Atender a comunidade possibilitando melhoria de qualidade de vida é um dos objetivos que a Unipar (Universidade Paranaense) tem por compromisso em ações realizadas por meio dos seus cursos de graduação. Focado nisso, surge na Unidade de Umuarama o projeto de extensão ‘Borboletas’, idealizado pela professora Fernanda Garcia Velasquez, do curso de Direito.

Coordenado por ela e desenvolvido com advogados voluntários e acadêmicos, o projeto tem o intuito de atender pessoas doentes que necessitam de medicamentos de alto custo que não são cobertos pelo SUS (Sistema Único de Saúde). A equipe do Borboletas também informa sobre os direitos dos pacientes, que muitas vezes desconhecem, e acompanha todo o trâmite da ação jurídica para obtê-los, de forma gratuita.

“Já ultrapassamos a 50 processos e vários estão em andamento”, orgulha-se a professora Fernanda. Com ela, atuam no projeto três advogados voluntários [Juca Morais, Douglas Eduardo Santana da Silva e Larissa Broch] e o estagiário Rafael Costa Lis, do 4º ano de Direito. Os pacientes são encaminhados pela Uopeccan, médicos ou assistentes sociais da região.

Segundo a professora, o nome Borboletas foi inspirado na transformação intensa e difícil que o paciente com câncer vivencia em seu tratamento, assim como seus familiares. “É uma luta constante, um processo muito difícil de enfrentar e, então, com o tratamento e a cura, a pessoa liberta-se para uma nova vida e um novo olhar”, elucida.

Por lidar com casos delicados, a equipe precisa oferecer um atendimento humanista, com respeito e carinho, para quem está nessa situação. “As pessoas vêm até nós desesperadas, necessitando de ajuda, pois são casos sérios. É uma experiência importante, inclusive, para o estagiário entender que o atendimento deve ser cuidadoso, atencioso e de fácil linguagem, não apenas técnico”, complementa o advogado Juca.

O acadêmico Rafael afirma que atuar no projeto é motivo de muita alegria: “Entrei nele a convite da professora Fernanda, pela nobreza da causa e por ter vontade de ajudar as pessoas. É muito gratificante e comovente não só para mim, mas para a equipe toda atender essas situações. Quando ganhamos uma causa, a comemoração é geral”, festeja.
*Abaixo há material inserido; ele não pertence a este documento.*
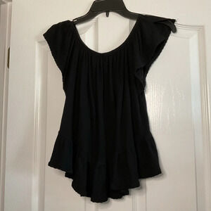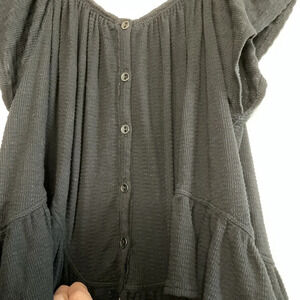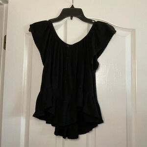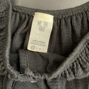 We The Free womens flowy button down W/ a slight cropped length size XS. You can also wear this top off shoulder.

Isso porque todas as causas são desafiadoras, tendo em vista os severos requisitos hoje determinados pelo Conselho Nacional de Justiça. “O mais dificultoso é a comprovação da extrema hipossuficiência financeira do doente e seus familiares, em contraposição aos preços impraticáveis dos medicamentos, que têm valores aproximados de 25 mil reais ao mês. Ou seja, mesmo que a pessoa tenha certa liquidez financeira, a viabilidade de arcar com os custos torna-se impossível. Mesmo assim, as causas ganhas se sobrepõem às que ainda estão em grau de recurso”, diz a professora.

A sede do projeto Borboletas fica na Unidade Básica de Saúde da Unipar. O atendimento a pacientes acontece às quintas-feiras, entre às 14 e 16 horas. Agora a equipe espera que, com a reabertura da Casa de Apoio da Uopeccan, mais pacientes sejam auxiliados pelo projeto, conforme a assessoria da instituição.